The US should adopt an extended producer responsibility policy, which would shift the responsibility for post-consumer waste to the companies that produce the packaging, according to a report from non-profit As You Sow, which also found $11 billion worth of recyclable materials are wasted annually.
Unfinished Business: The Case for Extended Producer Responsibility for Post-Consumer Packaging said that at least 47 countries require producers to bear some or all of the cost of end-of-life packaging management, which in the US has always been paid for by taxpayers.
An EPR policy in the US would increase recovery rates for all post-consumer packaging, encourage producers to re-design packaging to reduce materials, create the potential for a secondary materials markets, provide stable revenue sources through producer fees and reduce greenhouse gases, the non-profit said.
EPR laws and policies are already established in the US for several other product categories, including batteries, mobile phones, paint and electronics, the report said.
As You Sow recommends creating an EPR mandate in the US that covers all packaging types, is financed and managed by producers and phases out the use of non-recyclable packaging.
Packaging comprises more than 40 percent of the US solid waste stream, and most of these materials are recyclable. And yet, the US recycling recovery rates is estimated at 48.3 percent for packaging and 52.7 percent for paper and paperboard products, which lags far behind Denmark’s 84 percent, Belgium’s 78 percent and Germany’s 73 percent packaging recycling rates, the report said.
In the US only 12.1 percent of plastic packaging, the material expected to increasingly dominate US packaging, is recycled, said As You Sow. Meanwhile, beverage container recycling rates have dropped 20 percent over the past two decades and one quarter of the US population still doesn’t have access to curbside recycling. More than 40 billion aluminum cans, the most valuable beverage container material, are dumped each year in to US landfills.

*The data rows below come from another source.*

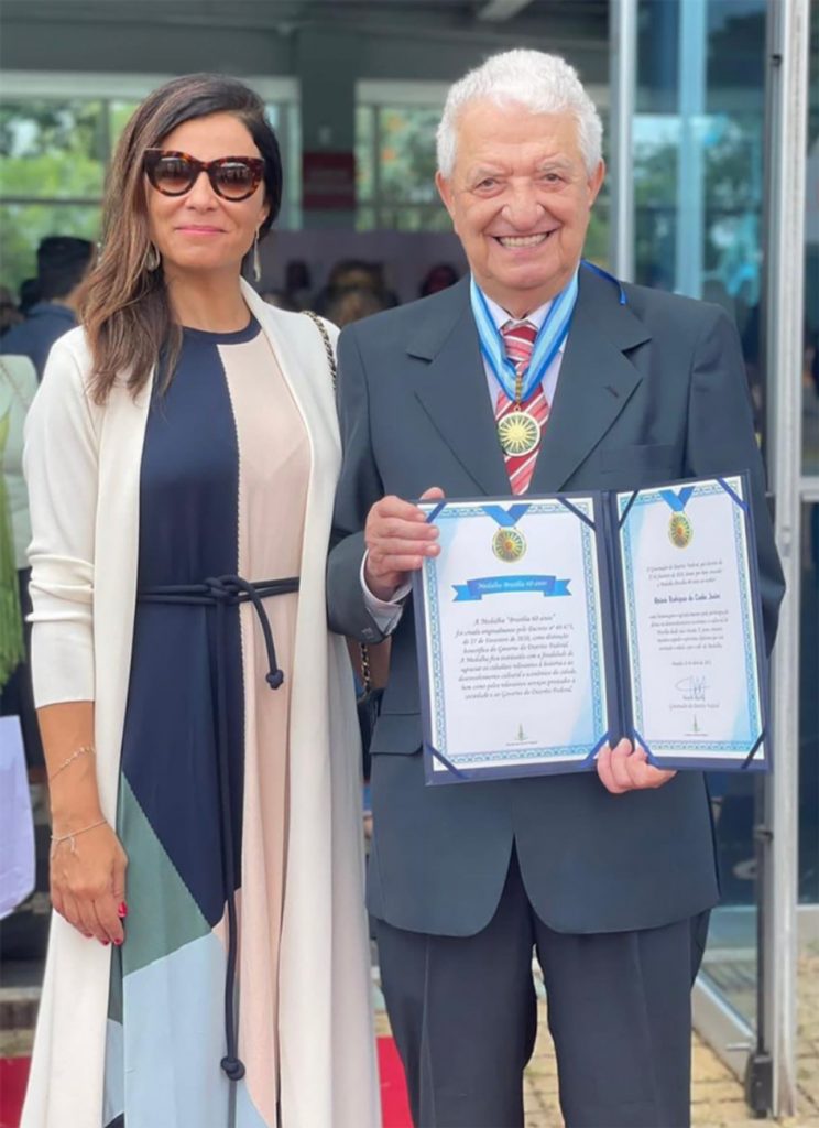 Importantes personalidades da cidade foram agraciadas com a medalha “Brasília 60 anos”, em respeito aos serviços prestados à capital federal. Entre elas, o amigo Afrânio Rodrigues da Cunha, que exibe a honraria ao lado da filha, Juliana Freitas (foto abaixo).
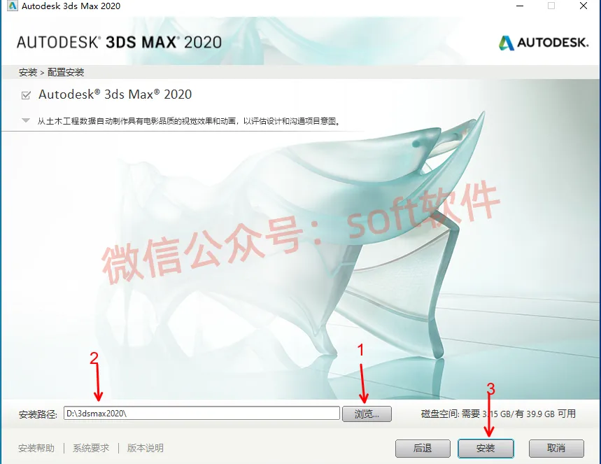 5,点击浏览可更改安装位置,如在D盘新建3dsmax2020文件夹。切记安装路径不要有中文字符,然后点安装
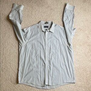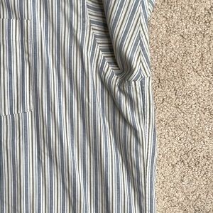Blue and White Casual Button Down Shirt with Vertical Stripes
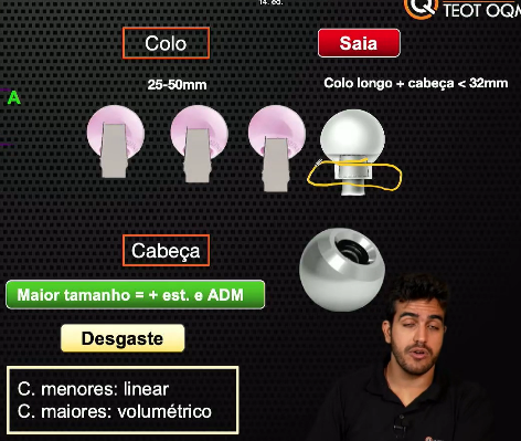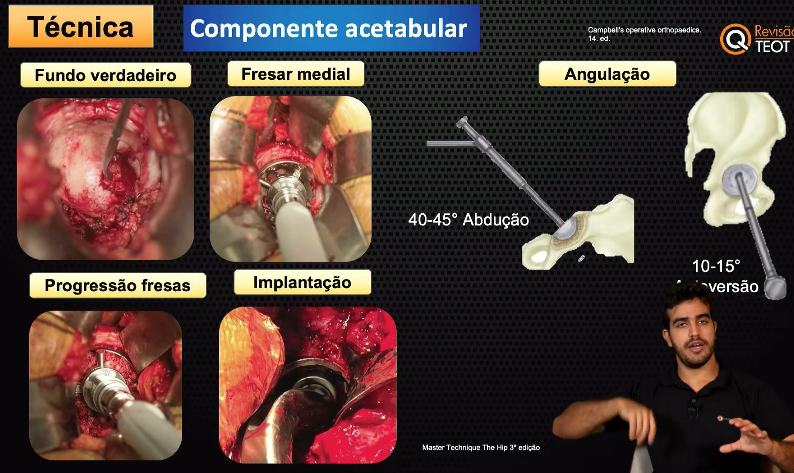* Anteversão: Importante para estabilidade, normalmente de 10-15°.
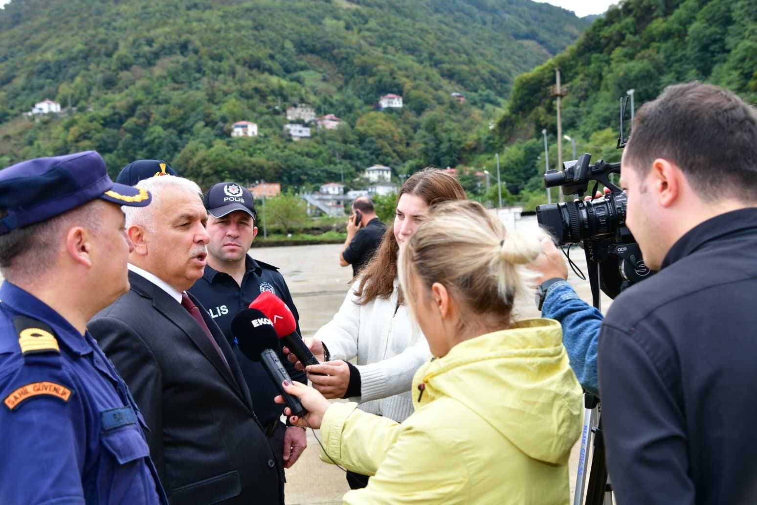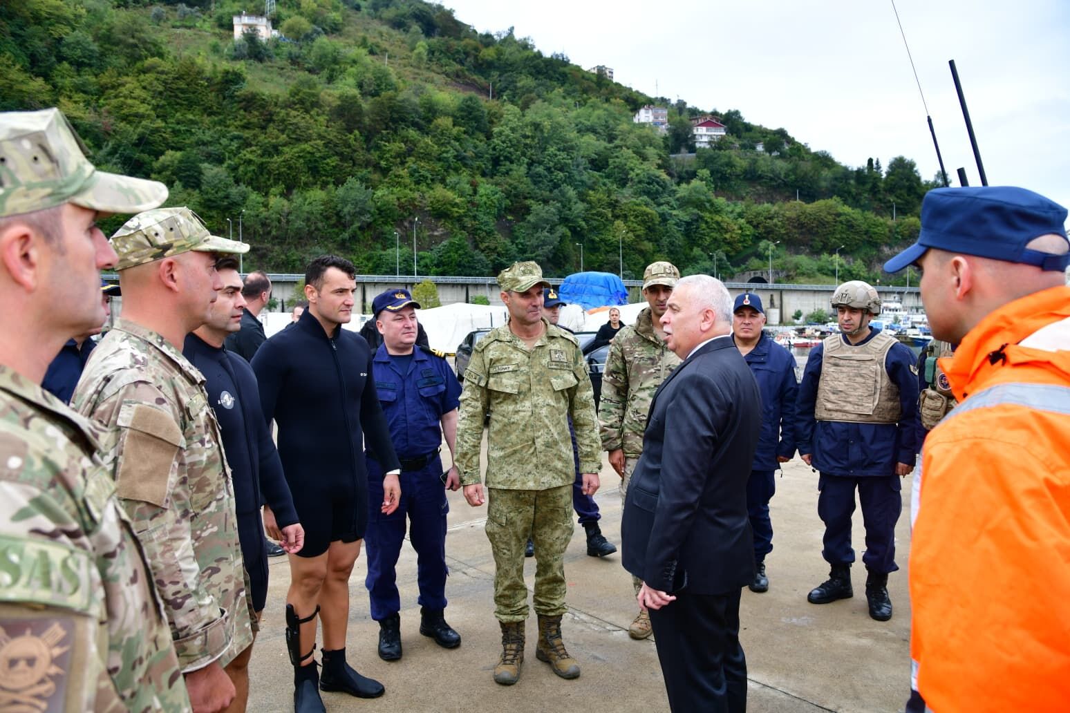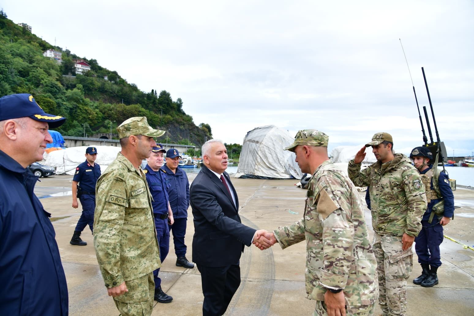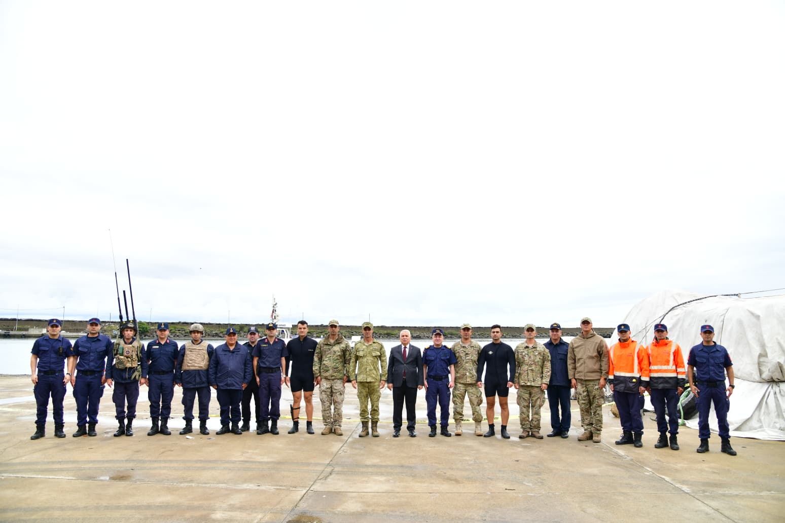 Vali Aziz Yıldırım, imha çalışmalarını yürüten güvenlik güçlerini ziyaret ederek Sahil Güvenlik Doğu Karadeniz Grup Komutanı SG Binbaşı Aytaç Bayırlı ve diğer yetkililerden bilgi aldı.
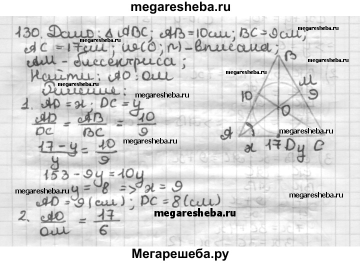 130. В треугольнике АВ С АВ = 10 см, ВС = 9 см, АС = 17 см. В каком отношении центр окружности, вписанной в треугольник, делит его биссектрису AM?
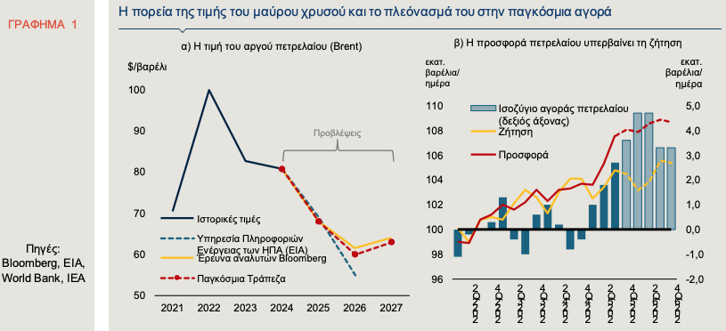 Σημειώθηκαν μόνο λιγοστές βραχυπρόθεσμες αυξήσεις, ως αντίδραση σε γεωπολιτικά γεγονότα, όπως για παράδειγμα στα μέσα Ιουνίου λόγω του πολέμου μεταξύ Ισραήλ και Ιράν και στα τέλη Οκτωβρίου, μετά την ανακοίνωση των νέων αμερικανικών κυρώσεων σε ρωσικές πετρελαϊκές εταιρείες. Σύμφωνα με πρόσφατη έκθεση της Παγκόσμιας Τράπεζας (Commodity Markets Outlook, October 2025), οι τιμές του πετρελαίου κατέγραψαν την τέταρτη συνεχόμενη χρονιά πτώσης και εκτιμάται ότι το 2026 θα υποχωρήσουν στο χαμηλότερο επίπεδο των τελευταίων ετών. Ειδικότερα, η τιμή του πετρελαίου Brent προβλέπεται να κυμανθεί, κατά μέσο όρο, στα 68 $/βαρέλι το 2025 που είναι σημαντική υποχώρηση από τα 81 $/βαρέλι το 2024, να μειωθεί περαιτέρω στα 60 $/βαρέλι το 2026 και στη συνέχεια να αυξηθεί περίπου στα 65 $/βαρέλι (Γράφημα 1α). Η ισχυρή παγκόσμια προσφορά και η υποτονική αύξηση της παγκόσμιας ζήτησης συνέβαλαν στη δημιουργία πλεονάσματος και συνεπώς στην πτώση των τιμών του μαύρου χρυσού, παρά τις συνεχιζόμενες γεωπολιτικές αναταραχές (IMF, World Economic Outlook, October 2025). Πιο συγκεκριμένα:
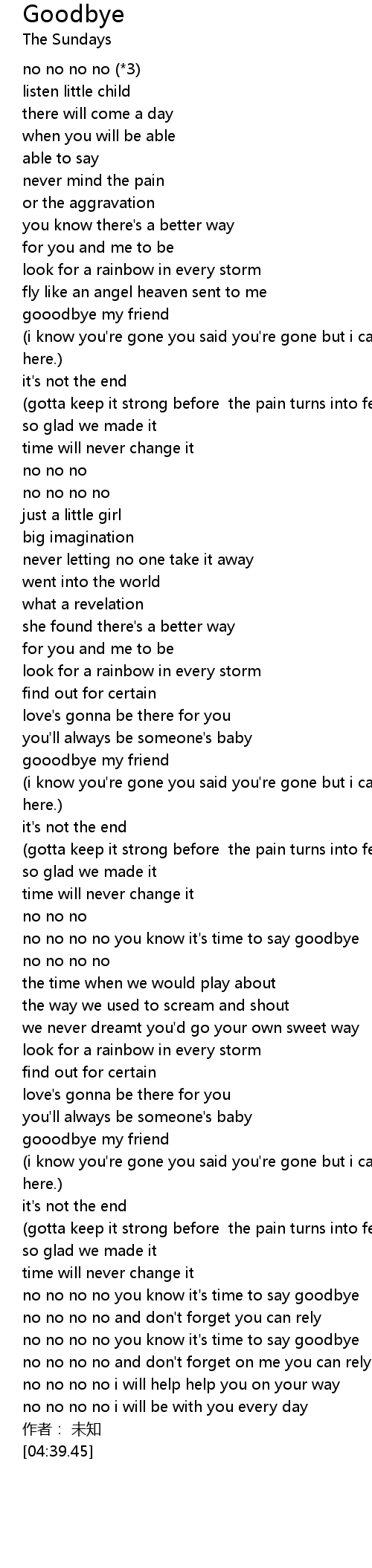 | [02:36.50] | no no no no you know it' s time to say goodbye |
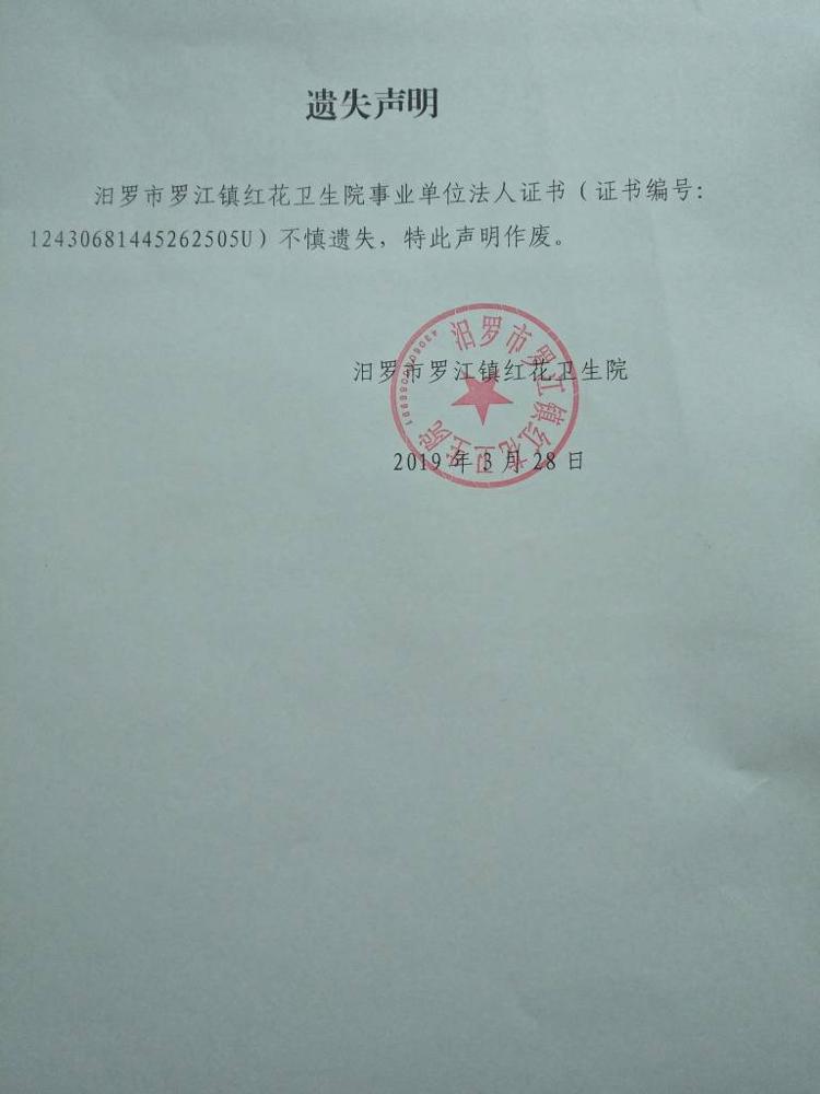 汨罗市红花卫生院事业单位法人证书遗失声明
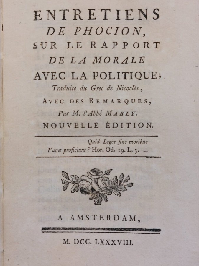 Entretiens de Phocion, sur le rapport de la morale avec la politique; traduite du Grec de Nicoclès [.]

The US recycling rate for beverage containers is about 35 percent. In the 10 states with deposit laws, recycling rates range from 66 percent to 96 percent, the report said.
Even without an EPR mandate, food and drink companies such as Starbucks are increasingly bearing the expense of recycling their own packaging as budget-restricted local municipalities look to offload their costly recycling programs, earlier reports have found. For example, Starbucks has developed a closed loop recycling system in its Chicago stores, Green Mountain College in Vermont buys products upcycled from its own waste paper, plastic, glass and metal, and Stonyfield Farm collected about 11 million used yogurt cups through Whole Foods locations last year.